Create hyperlinked pages that provide a critical analysis of 4 directed readings and provide a set of appropriate references to TELE literature.

A. Own research on theories

Constructivism

Much research is based on constructivist epistemology (Cognition and Technology Group at Vanderbilt [CTGV], 1992a, 1992b; Hannafin, Land, & Oliver, 1999; Savery & Duffy, 1996).

Based on experimental learning through real life experience to construct and conditionalize knowledge. It is problem based, adaptive learning, that challenges faulty schema, integrates new knowledge with existing knowledge, and allows for creation of original work or innovative procedures. The types of learners are self-directed, creative, innovative, drawing upon visual/spatial, musical/rhythmic, bodily kinesthetic, verbal/linguistic, logical/mathematical, interpersonal, intrapersonal, and naturalistic intelligences. The purpose in education is to become creative and innovative through analysis, conceptualizations, and synthesis of prior experience to create new knowledge. The educator’s role is to mentor the learner during heuristic problem solving of ill-defined problems by enabling quested learning.
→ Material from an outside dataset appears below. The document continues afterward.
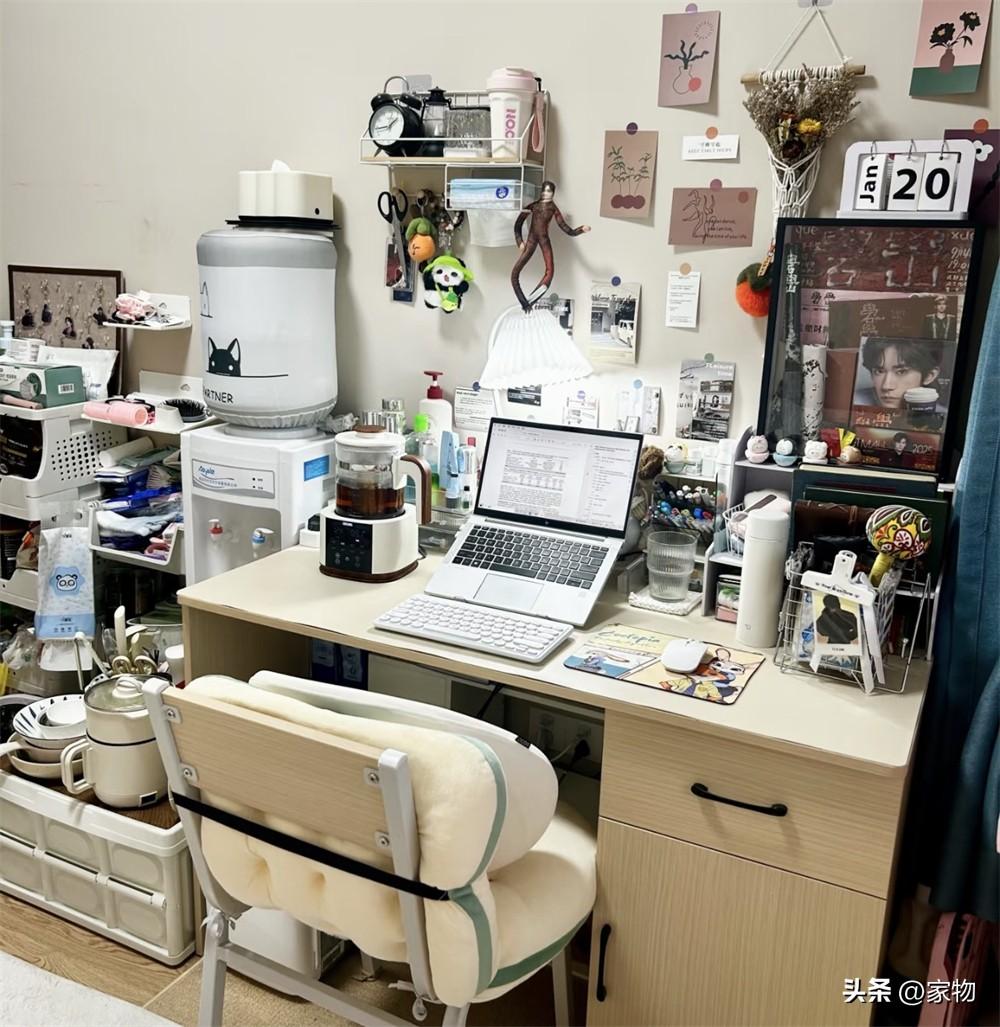 既然是大學單間宿舍,最重要的自然還是學習功能,牀對面的這張學習桌,可以說是經過了她好一番佈置,呈現出現在這樣亂中有序的感覺。

The learning goal is the highest order of learning: heuristic problem solving, metacognitive knowledge, creativity, and originality that may modify existing knowledge and allow for creation of new knowledge. (wikipedia)

Constructionism

Constructionism is a philosophy of education in which children learn by doing and making in a public, guided, collaborative process including feedback from peers, not just from teachers. They explore and discover instead of being force fed information, or subjected to a regime of social control as in the Prussian system adopted in the US and elsewhere, sometimes called Instructionism. Constructionist guidance has to be informed by a knowledge of what there is to explore and discover, including our ignorance, and of a variety of approaches that can be used for children at different developmental levels with various degrees of preparation. (laptop.org)

Adult Learning Theory

  • Need to Know: Adults need to know the reason for learning.
  • Experience: Adults draw upon their experiences to aid their learning.
  • Self Concept: Adult needs to be responsible for their decisions on education, involvement in planning and evaluation of their instruction.
  • Readiness: The learning readiness of adults is closely related to the assumption of new social roles.
  • Orientation: As a person learns new knowledge, he or she wants to apply it immediately in problem solving.
  • Motivation: As a person matures, he or she receives their motivation to learn from internal factors.

Source : Toward constructivism for adult learners in online learning environments (2002)

Distributed cognition

From the perspective that cognition is distributed, the tools, rules, values and actors in a learning environment form a complex and interacting system (Hewitt, 1996).

Cognitive apprenticeship

Cognitive apprenticeship (Collins, Brown & Newman, 1989, See also Järvelä, 1995) focus on the authenticity in which knowledge is developed as well as the dialogue processes between stu- dents and adult guides or more experienced peers (Rogoff, 1990).

Systemic psychology

Järvilehto offers a radically new concept of the relationship between the organism and its environment, as well as the relationship between brain and mind, mind and body, and between experience and behaviour. According to Järvilehto’s idea, all the physiological activities and their relationship to the environment constitute a single system that supports and adapts the individual. Questioning traditional psychological concepts, Järvilehto points out that the nervous system is only one part of the organism-environment system (Wolf, 1998).

Online apprenticeship

Online apprenticeship (Teles, 1993) refers to apprenticeship mediated by access to masters and peers on computer networks. The learner accesses the online learning environment, which is characterized by attributes, such as one-to-many and many-to-many communication; asynchronicity or time independence; place independence; text-based presentation; and com- puter mediation (Harasim, 1990). In this environment, online apprentices can build and share knowledge through goal-oriented learning interactions with peers, experts, and mentors, and through full-time access to specialized sources of information.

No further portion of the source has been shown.